For further context on ownership, recent trading and investor composition, see: Exploring Shenzhen Bestek Technology Co., Ltd. Investor Profile: Who's Buying and Why?
Shenzhen Bestek Technology Co., Ltd. (300822.SZ) - Growth Opportunities
Shenzhen Bestek Technology Co., Ltd. (300822.SZ) presents a mixed but actionable growth profile: mid-cap market capitalization, steady revenue growth, diversified product lines in electrification and smart controls, and a conservative balance sheet that provides room for investment and expansion.- Market capitalization: CNY 5.29 billion - positions the company as a scalable mid-cap with room to capture additional market share in industrial control and EV-adjacent electronics.
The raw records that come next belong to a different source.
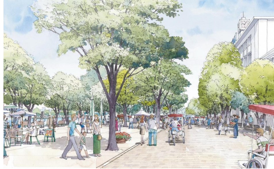
Renovation ideas of Nikken Sekkei civil company
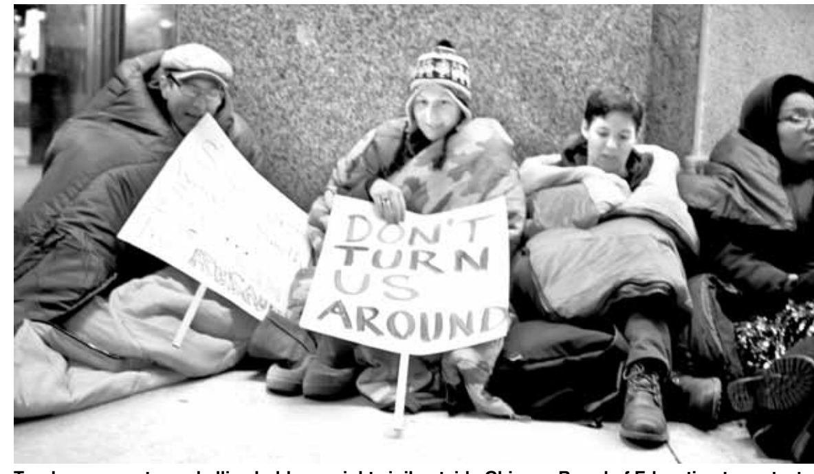
Teachers, parents, and allies hold overnight vigil outside Chicago Board of Education to protest proposed school closures and "turn arround" school conversions.
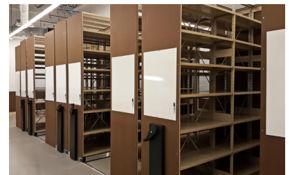
Mechanical-Assist Mobile System
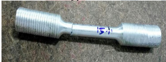
Fig 6: tensile test specimen of Al 6061 with 8% sic and 15% fly ash
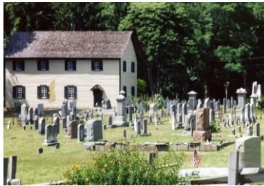
Yellow Meeting House

Organization of meeting houses followed in Piscataway - 1689 with six members, Cohansey, Salem County - 1690 with nine members and 1737 saw the formation of Yellow Meeting House - Upper Freehold near Imlaystown. Yellow Meeting House is the oldest standing Baptist meetinghouse in New Jersey. No longer in use as a meetinghouse it sits in a quiet clearing and is the burial place of Abraham Lincoln's great-grandparents.

- Trailing twelve months (TTM) revenue: CNY 851.61 million - +4.04% year-over-year, indicating modest top-line growth.
- Product diversity: motor controllers, lithium battery controllers, smart home controllers, automotive motor controllers - providing multiple end-market exposures and cross-selling opportunities.
- Workforce scale: 2,433 employees - suggests capacity for R&D, manufacturing scale-up, and geographic expansion.
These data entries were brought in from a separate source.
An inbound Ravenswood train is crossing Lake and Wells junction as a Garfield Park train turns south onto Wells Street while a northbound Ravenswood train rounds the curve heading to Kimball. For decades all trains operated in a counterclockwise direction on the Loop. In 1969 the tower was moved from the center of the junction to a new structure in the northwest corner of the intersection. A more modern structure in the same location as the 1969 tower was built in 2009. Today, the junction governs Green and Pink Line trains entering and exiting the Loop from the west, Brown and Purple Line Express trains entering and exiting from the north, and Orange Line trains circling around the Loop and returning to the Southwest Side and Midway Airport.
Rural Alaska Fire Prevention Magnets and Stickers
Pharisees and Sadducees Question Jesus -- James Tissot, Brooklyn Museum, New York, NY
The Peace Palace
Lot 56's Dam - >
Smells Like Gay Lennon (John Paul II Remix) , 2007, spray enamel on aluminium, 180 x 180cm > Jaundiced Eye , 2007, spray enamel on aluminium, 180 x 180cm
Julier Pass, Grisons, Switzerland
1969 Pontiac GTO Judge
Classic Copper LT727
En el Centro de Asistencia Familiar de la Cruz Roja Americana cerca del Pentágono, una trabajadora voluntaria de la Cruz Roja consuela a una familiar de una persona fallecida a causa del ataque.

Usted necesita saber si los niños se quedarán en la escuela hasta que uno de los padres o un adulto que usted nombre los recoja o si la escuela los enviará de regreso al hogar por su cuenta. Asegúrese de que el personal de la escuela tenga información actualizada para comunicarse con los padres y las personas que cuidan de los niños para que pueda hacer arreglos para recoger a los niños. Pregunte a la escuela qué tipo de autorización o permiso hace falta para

- Balance sheet: total assets CNY 1,548.34 million vs. total liabilities CNY 284.32 million - a conservative liability load and ample asset base to support capex or M&A.
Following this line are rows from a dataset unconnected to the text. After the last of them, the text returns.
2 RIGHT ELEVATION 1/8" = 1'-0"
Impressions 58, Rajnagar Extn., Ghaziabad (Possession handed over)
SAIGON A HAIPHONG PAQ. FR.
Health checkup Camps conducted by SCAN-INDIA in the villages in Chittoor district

- Profitability caveat: net profit margin 5.68% vs. industry average 14.01% - meaningful margin gap that highlights operational efficiency or pricing improvement potential.
| Metric | Value | Notes |
|---|---|---|
| Market Capitalization | CNY 5.29 billion | Mid-cap positioning |
| TTM Revenue | CNY 851.61 million | YoY growth: +4.04% |
| Total Assets | CNY 1,548.34 million | Supports capex and liquidity |
| Total Liabilities | CNY 284.32 million | Conservative leverage |
| Net Profit Margin | 5.68% | Industry avg: 14.01% - potential for margin recovery |
| Employees | 2,433 | Operational and R&D capacity |
- Revenue growth drivers: expansion in automotive motor controllers and lithium battery controller sales tied to EV and energy storage demand; incremental smart-home controller adoption in residential and commercial projects.
- Margin improvement levers:
- Operational efficiency (lean manufacturing, supply-chain optimization).
- Product mix shift toward higher-margin automotive and specialized controllers.
- Scaling R&D to introduce differentiated, higher-value offerings.
- Balance sheet uses: R&D investment, targeted M&A to acquire niche controller tech, or capacity expansion - enabled by low liabilities relative to assets.
- Human capital: 2,433 employees enable faster go-to-market and localized service support-key in B2B and automotive ecosystems.